The following command is a valuable tool when developing palettes:
test palette
It produces a figure (using the current settings of set output and set terminal!) like the one in figure D.3. The bottom panel shows the palette as a spectrum of colors; the top panel shows the intensity levels of the red, green, and blue components. (Regardless of the choice of color model, the test palette command always displays RGB components.) Also included in the top panel is the value of the NTSC luminance, which corresponds to the Y channel in the YIQ model. It indicates the result if the color were displayed on a black-and-white TV screen.
In addition to this graphical visualization of the palette with test palette, you can query the current definition using
show palette
This prints the current values of all sub-options of set palette to the screen, including the three function definitions if the palette was defined using set palette functions. If the palette was created from a set of discrete nodes using set palette defined (...), then the printed message won’t include explicit information on the nodes. Instead, you must use
show palette gradient
to list them.
It may be desirable to export a finished palette as a set of RGB triples: for example, to use it in another application. You can do so using the show palette palette command:
show palette palette {int:n} [ int | float ]
This prints a list of RGB triples to the output channel identified by the current value of set print. The mandatory integer argument gives the number of intermediate colors in the exported palette. By default, the output is formatted for human readability, but by giving either the int or the float keyword, you can obtain a listing that’s easier to parse from a program. (With int, the RGB values are integers in the range 0 to 255; with float, they’re floating-point values between 0 and 1.)

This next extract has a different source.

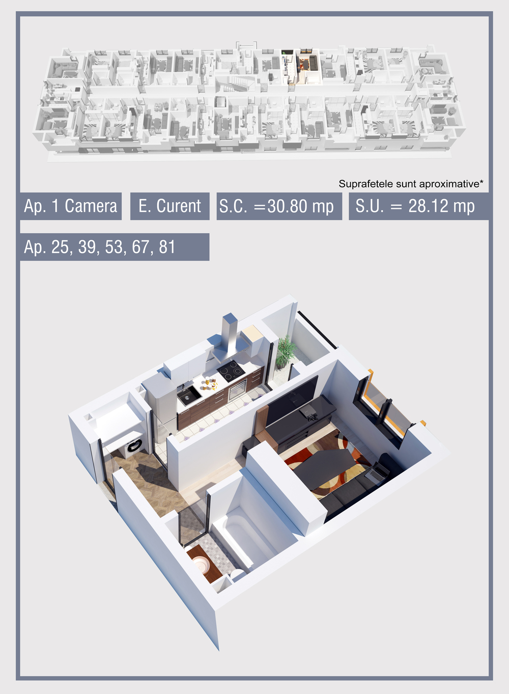 | 81 | Etaj 4 | 1 | Da | 28.12 mp2 | - | - | - | Rezervat | Ap. 81 | - | Detalii |
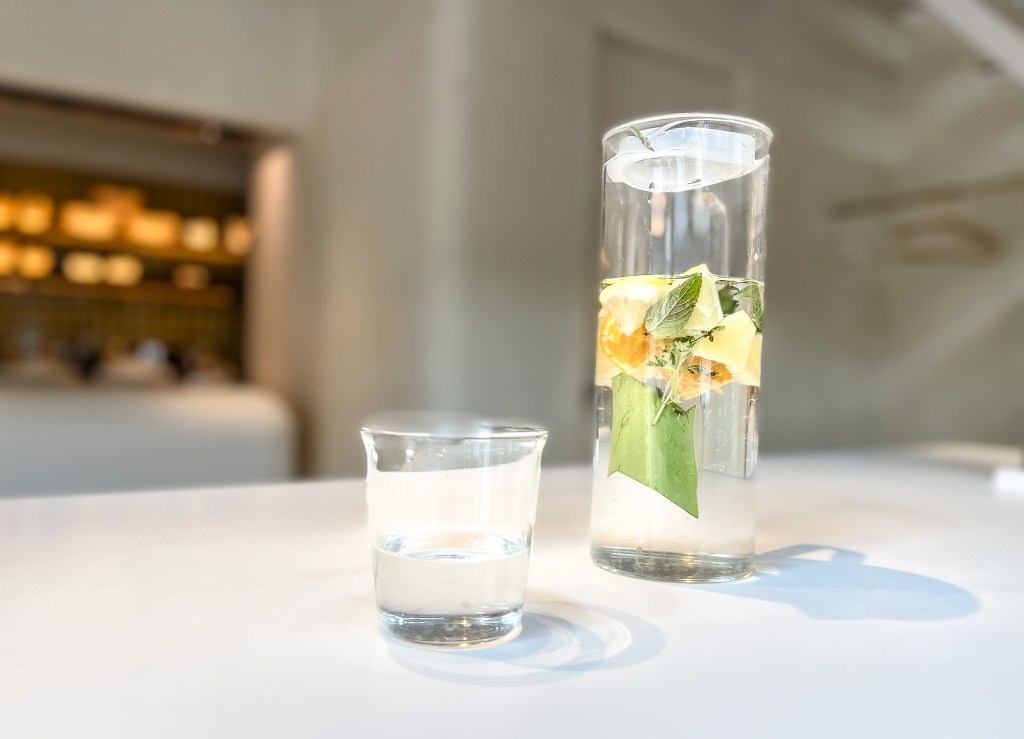 於是我坐在中島的位置,正前方則是工作人員的料理台,首先服務人員會送上一壺花果水,也就是用水果與香草直接浸泡於水的飲用水。

All the details supplied to the set palette command are included in the information persisted with save; hence an existing graph (and its palette) can be re-created using load, as you’d expect. You should be aware, though, that gnuplot saves the color for each node in a palette only in the third format, which consists of three numbers between 0 and 1. In particular, gnuplot will not write the names of named colors to file when using save. The resulting command files are therefore, by construction, much less human-readable. If you want to save a palette to file with the idea of later continuing to edit it manually, then you should edit the respective command file in an editor (see section 12.2), rather than use gnuplot’s save command.
Even though you may have defined a palette in terms of named colors, gnuplot will only persist the equivalent numerical values for each of the three color components to file. To retain the named colors, you must edit and save the command file in an external editor.
Let’s look at some example palettes. The purpose here is twofold: first, I want to demonstrate how to use the set palette command; and I also want to provide you with recommendations for palettes and specific color choices that work well in practice. (For all the following, compare figure D.4.)[2] Defining your own palettes is particularly important because gnuplot’s default palette isn’t very good. To obtain good results, you need to define your own.
You can find a very large collection of palettes at http://soliton.vm.bytemark.co.uk/pub/cpt-city. Although many of them are intended for graphic design, not data visualization, the site is a terrific source of inspiration.
Because gnuplot’s default palette isn’t very good, it’s essential that you learn how to define your own palettes. Moreover, false-color plots generally need palettes that have been adapted to the specific graph in order to be effective, necessitating you to have the required know-how.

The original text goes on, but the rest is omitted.